[Data below]
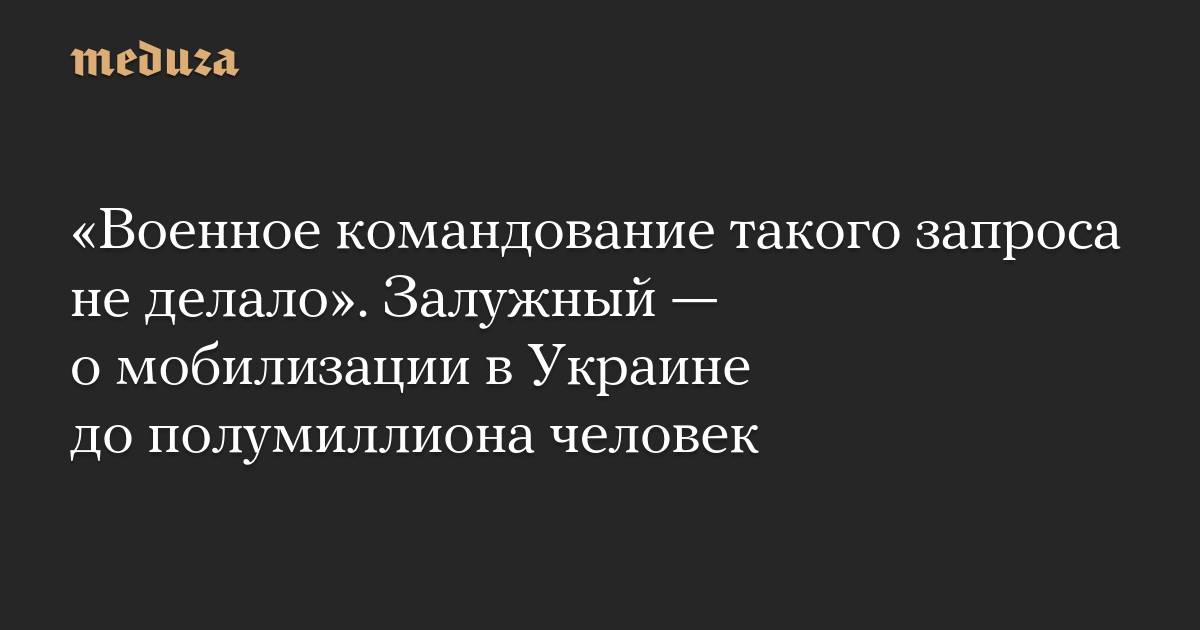 Главнокомандующий ВСУ Валерий Залужный заявил, что военное командование Украины постоянно формирует свои запросы на боеприпасы, оружие и человеческий ресурс, но запрос на конкретное число мобилизованных не подавало.
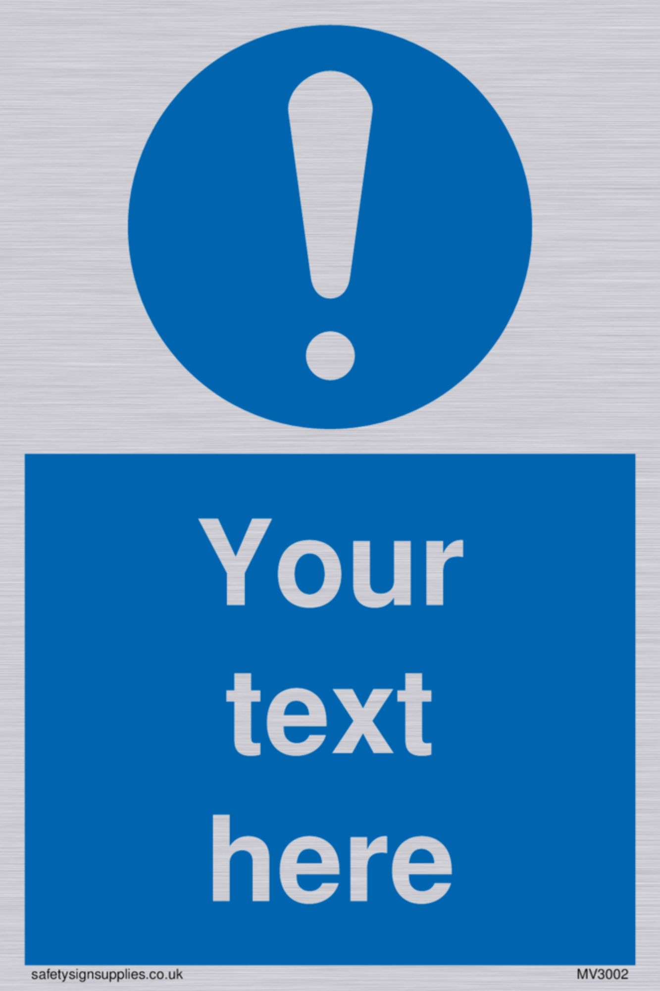 Custom mandatory sign with general mandatory symbol - white exclamation in blue circle
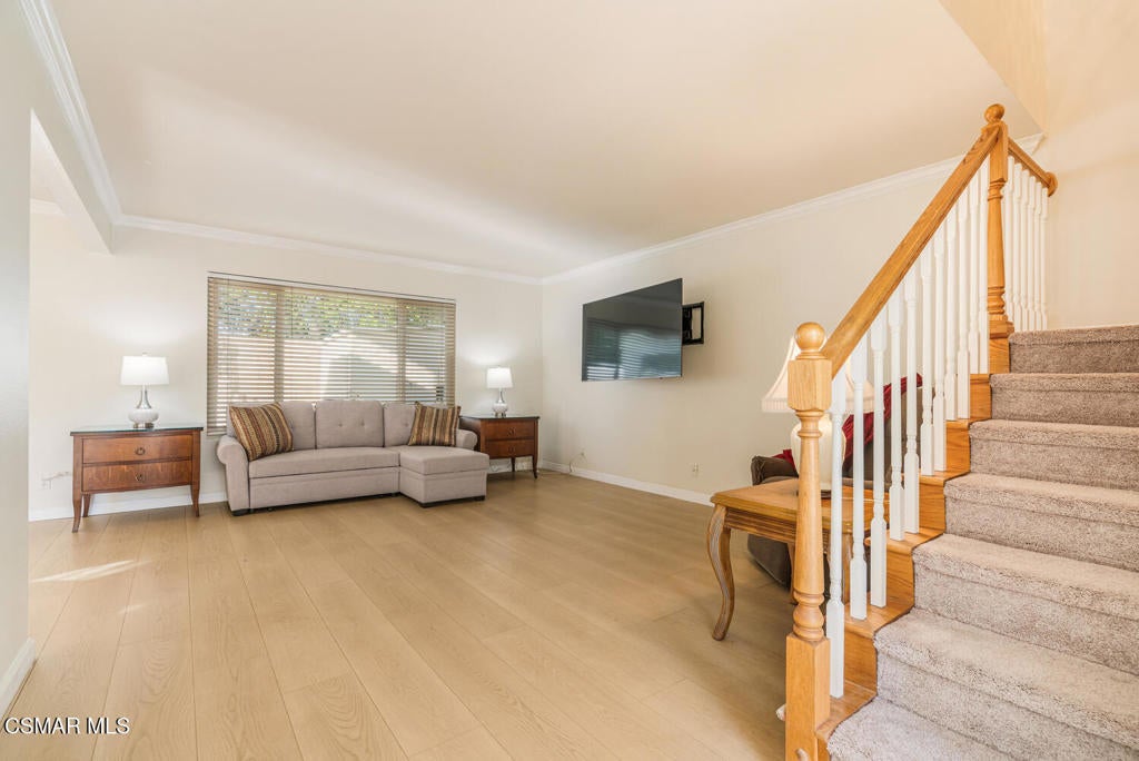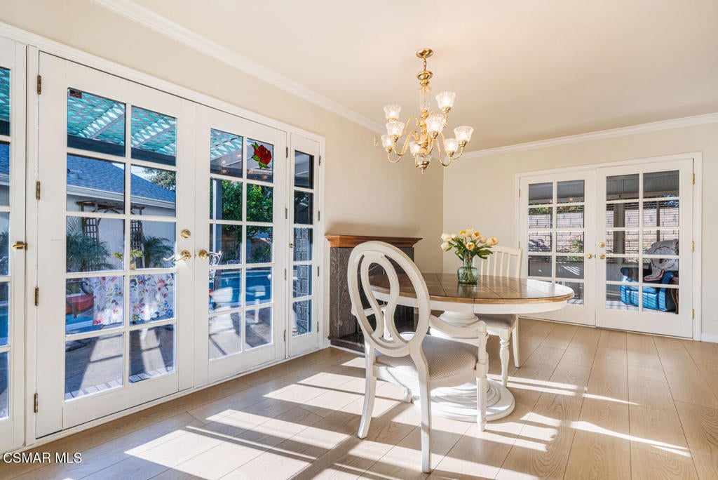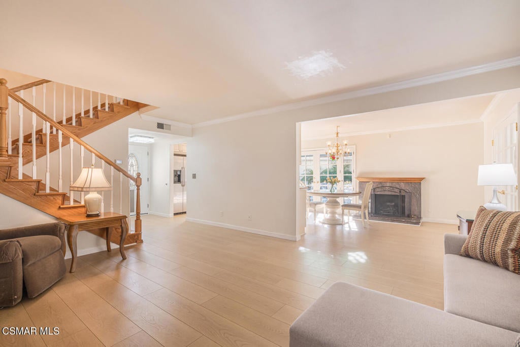 This well-designed home on a cul-de-sac is centrally located in Agoura Hills. At entry, be greeted by a great room illuminated by its large window and crown moldings. There is an adjacent dining or sitting area with a fireplace; a cozy enclosed climate controlled sun room; and the kitchen with upgraded paneled cabinetry, two garden windows, and a sliding door to the side covered patio and backyard. The kitchen features: granite countertops; a six burner stove; updated pullouts; a microwave; and recess lighting. On the ground floor there is a guest bathroom. The covered entry area includes both the home's front door and an exterior door to the 2-car garage; the garage has additional space for a washer and dryer, a window, and cabinetry. Tour upstairs appreciating the convenient switchback staircase, on the second floor there is a pull down ladder for access to the attic area. The primary bedroom has a window overlooking the backyard. The primary bathroom has a granite countertop with sink and a combo shower bathtub. Windows brighten the other two cheerful upstairs bedrooms which have access to the upstairs third hall bathroom with an enclosed shower and bathtub. Enjoy your backyard entertaining and lounging with its free form pool and spa; and the built-in BBQ center includes a compact refrigerator. Other features and amenities: mirror wardrobes; ceiling fans; a storage shed; and located close to the home's community pool, tennis and pickleball courts, driving range, and golf course; also close to public schools, parks, trails, mountain biking, shopping, and other recreation.

[What you are asked to do] When you retype the listing, keep every line exactly as it is and drop the pictures.

[Solved exercise]
 Главнокомандующий ВСУ Валерий Залужный заявил, что военное командование Украины постоянно формирует свои запросы на боеприпасы, оружие и человеческий ресурс, но запрос на конкретное число мобилизованных не подавало.
 Custom mandatory sign with general mandatory symbol - white exclamation in blue circle
 This well-designed home on a cul-de-sac is centrally located in Agoura Hills. At entry, be greeted by a great room illuminated by its large window and crown moldings. There is an adjacent dining or sitting area with a fireplace; a cozy enclosed climate controlled sun room; and the kitchen with upgraded paneled cabinetry, two garden windows, and a sliding door to the side covered patio and backyard. The kitchen features: granite countertops; a six burner stove; updated pullouts; a microwave; and recess lighting. On the ground floor there is a guest bathroom. The covered entry area includes both the home's front door and an exterior door to the 2-car garage; the garage has additional space for a washer and dryer, a window, and cabinetry. Tour upstairs appreciating the convenient switchback staircase, on the second floor there is a pull down ladder for access to the attic area. The primary bedroom has a window overlooking the backyard. The primary bathroom has a granite countertop with sink and a combo shower bathtub. Windows brighten the other two cheerful upstairs bedrooms which have access to the upstairs third hall bathroom with an enclosed shower and bathtub. Enjoy your backyard entertaining and lounging with its free form pool and spa; and the built-in BBQ center includes a compact refrigerator. Other features and amenities: mirror wardrobes; ceiling fans; a storage shed; and located close to the home's community pool, tennis and pickleball courts, driving range, and golf course; also close to public schools, parks, trails, mountain biking, shopping, and other recreation.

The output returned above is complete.